Section: New Results
Scheduling over Heterogeneous Multicore Architectures
Participants : Cédric Augonnet, Raymond Namyst, Samuel Thibault.
In almost every computer nowadays lies a Graphical Processing Unit (GPU) and in that GPU lies a nominal computing power that makes the power of even the most recent multicore central processing units looks anemic in comparison. Innovative processing architectures such as the Cell Broadband Engine from IBM found in the Sony's Playstation 3 also come full of promises. Thus, it did not take long in these days of ever growing computing needs for people to explore these new lands.
The power of these new heterogeneous computing architectures does not come for free, however. Cell's multiple synergistic processing units (SPUs) are equipped with a very small amount of memory. GPUs put drastic constraints on the data access pattern and require highly regular computations to actually deliver their full power.

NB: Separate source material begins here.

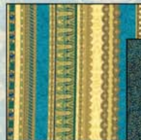
J9234 Sapphire Gold #230G
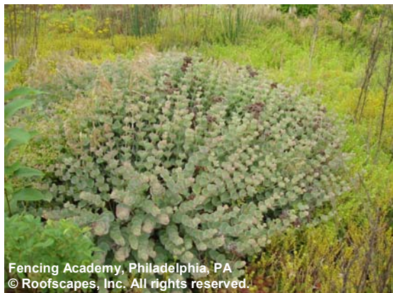
Fencing Academy, Philadelphia, PA

While scheduling over those architectures, the problem of mapping tasks onto available units is not the only one anymore. One also has to provide constructs and mechanisms to tailor those tasks to the characteristics of a given processing unit — refinement/filtering mechanisms — as well as to make sure that such tasks have the suitable data at hand when needed — memory/caching management and consistency mechanisms.

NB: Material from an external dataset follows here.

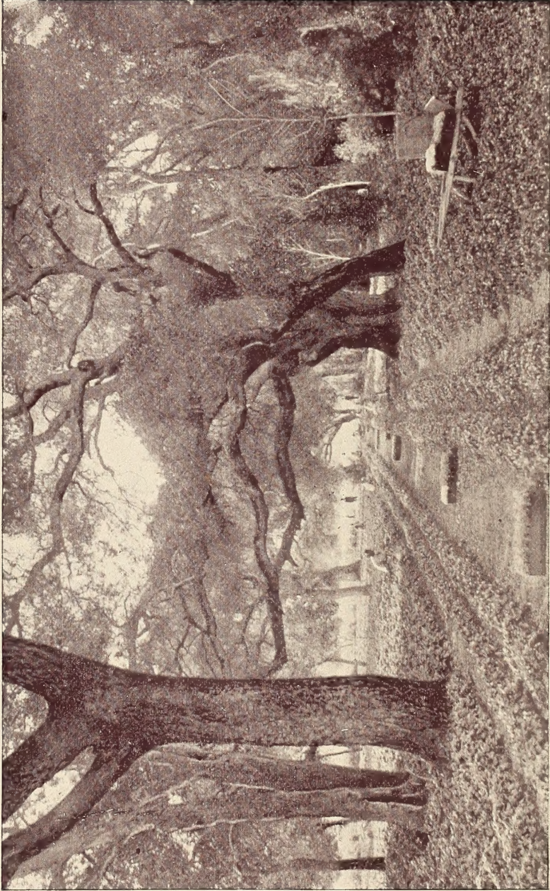
VIOLET BEDS, SHERWOOD HALL NURSERIES, MENLO PARK
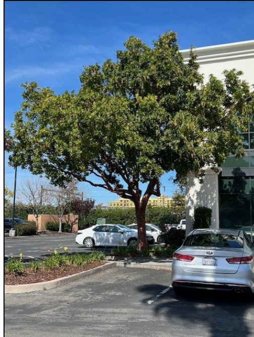
Photo 3. Strawberry tree #120 was in good condition with good structure and form and a full crown.

Twelve (12) Canary Island date palms were growing throughout the site. Eight palms were in fair condition with variable frond color and density. Most had approximately 20 feet of brown trunk and an average diameter of 25 inches. Palms #57, 122 and 135 were in good condition with full crowns and good frond color (Photo 4). Palm #150 was in poor condition with frond dieback and small live fronds.

We thus designed a unified scheduling engine that makes it possible to easily implement task scheduling policies on top of heterogeneous multicore architectures. Combined with the use of performance models, which can be obtained through auto-tuning mechanisms [21] , [17] , [16] , we have shown that substantial performance improvements result from the use of such scheduling policies. Not only does StarPU allow to make use of all computing resources at the same time (regular CPUs as well as a mixture of heterogeneous GPUs), but its scheduling engine even enables to benefit from the actual heterogeneity of the machines [23] , [41] .

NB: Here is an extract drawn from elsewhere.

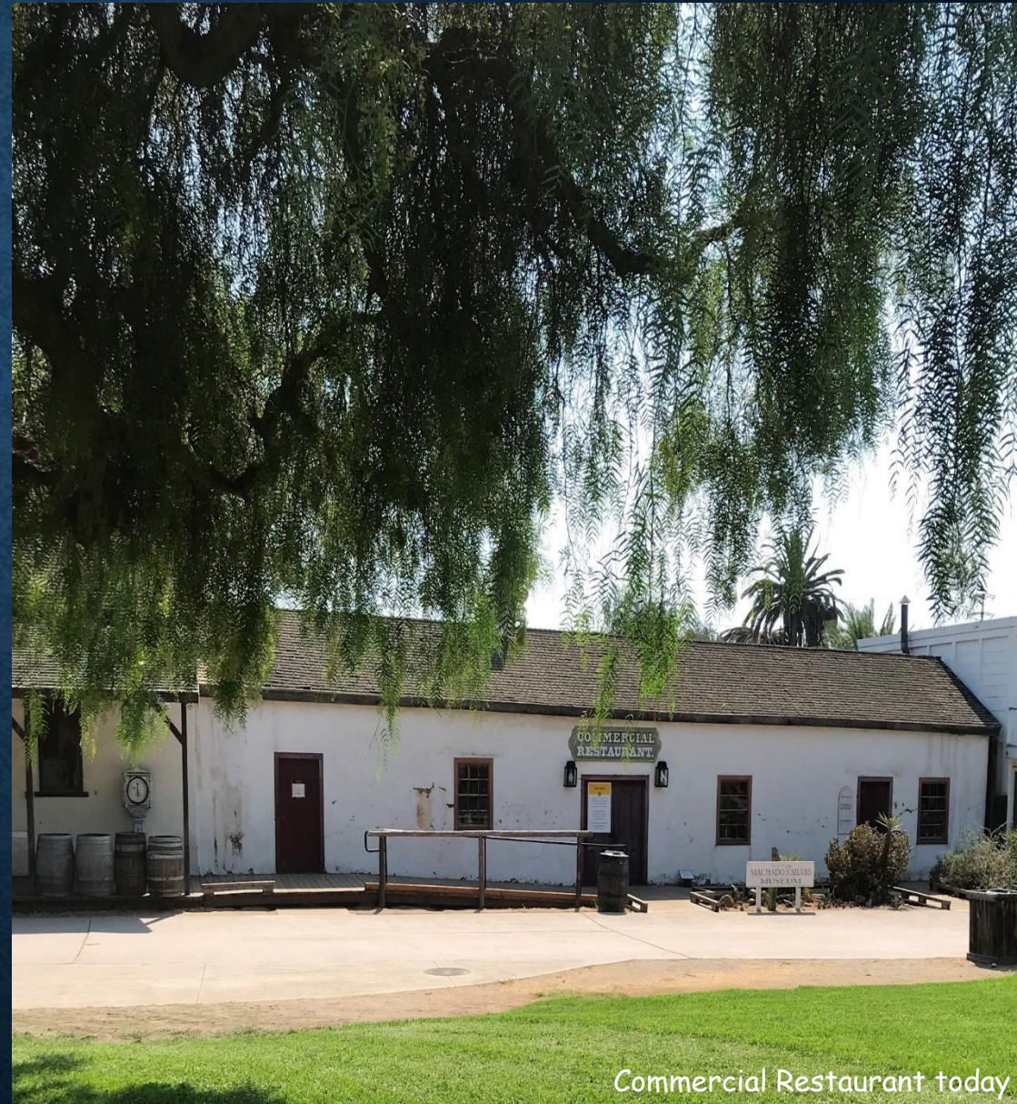
Commercial Restaurant today

The Machado-Silvas home as it looked many years ago and as we see it today. It was a family home and a restaurant serving many travelers passing through town on horseback, stagecoach, and by sailing ship.

The memory management library of the StarPU runtime system (described in Section 5.10 ) has been designed in order to leverage the inner complexity of accelerator programming by automating data coherency management, and can even prefetch data ahead of the actual computation to increase yet more the efficiency of the computation. Our approach thus makes it possible to efficiently handle arbitrarily large datasets instead of being limited by the size of accelerators' embedded memory. Therefore, we used StarPU to implement dense linear algebra parallel kernels that run simultaneously on multicore processors and GPGPUs. We also demonstrated the flexibility of our approach by adding support for the Cell/BE processor with very little efforts [22] . We showed that in addition to a unified execution model, it is important to exhibit an expressive interface to let the programmer (or the upper library) express his/her knowledge at the algorithmic level in order to give hint to the runtime system.